A basic way to generate a null model is to shuffle the edges of the graph (positive and negative with equal rate):
By feeding the null matrix R in all the functions that were used to analyze the original matrix many times we can obtain a null distribution of the Q values and compute the corresponding p-values and z-score.
Many null hypothesis scenarios can be valid for various cases, each one of them aiming at exploiting specific idiosyncrasies of the data and/or the similarity metric used. Therefore it is advisable to construct null models that control for specific aspects of the data analysis. For instance, in the case of a NxM multidimensional dataset, we can permute the dimensions of each data point N and subsequently compute the similarity matrix. This creates a “null” relation that exists among two data points in the M dimensional space. Obtaining null matrices from such a procedure again leads to the estimation of the null distribution of the Q values and allowing the computation of the corresponding p-values and z-score.
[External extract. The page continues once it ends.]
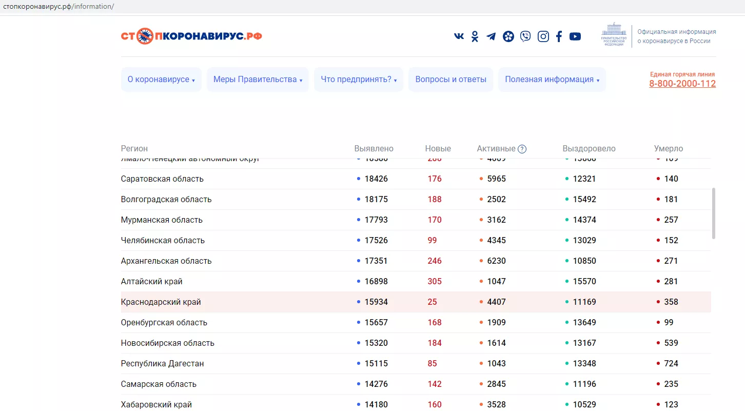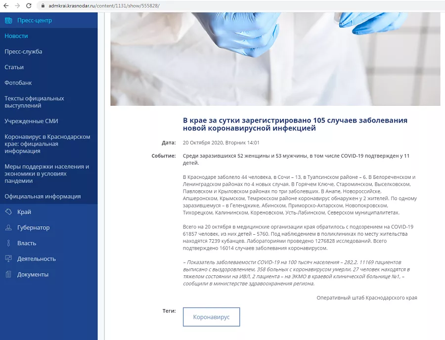 Федеральный оперштаб публикует статистику по коронавирусу около 10:30, однако 20 октября новые данные появились только в 13:30. При этом цифры по заболеваемости COVID-19 в Краснодарском оказались необычно низкими. Если 18 октября на Кубани зарегистрировали 106 случаев коронавируса, а 19-го — 102, то 20 октября в регионе выявили 25 заболевших.

Canonical Discriminant Analysis
Given a partitioning of N datapoints of a NxM multivariate dataset into K groups, e.g. by using the aforementioned module detection algorithm, it is instructive to unveil the most prominent dimensions contributing to the “separability” of the groups. One way to answer such a question is through the use of Canonical Discriminant Analysis (CDA). CDA is similar to Principal Component Analysis but instead of seeking to explain most of the variance between the datapoints, it focuses on between groups variance (see e.g. Legendre and Legendre, 1998 for more details). We can perform CDA with the following function:
>> [result]= f_cda(D,Ci_Consensus,2,1000,1,0) ;
Note that the struct “result” contains also many useful statistics such as Wilks’ lambda and trace stats and also their respective p-values.
The above figure projects the M dimensional data in the 2D space spanned by the first canonical axis. Note that since we only have 3 groups the 2 canonical axis explain in total 100% of the variance. Note the good separability of the groups and the prominent role of the dimensions/features Sustain Choice and ITI and evaluate for the separability of the 3 groups. In the aforementioned example (grouping of neurons based on their functional temporal profile across 7 dimensions:’Offer’,’Shift’,’Attention’,’Rotation’,’Choice’,’Reward’,’ITI’) we have 7 dimensions but other datasets of course can have an, in theory, arbitrary number M of dimensions/features.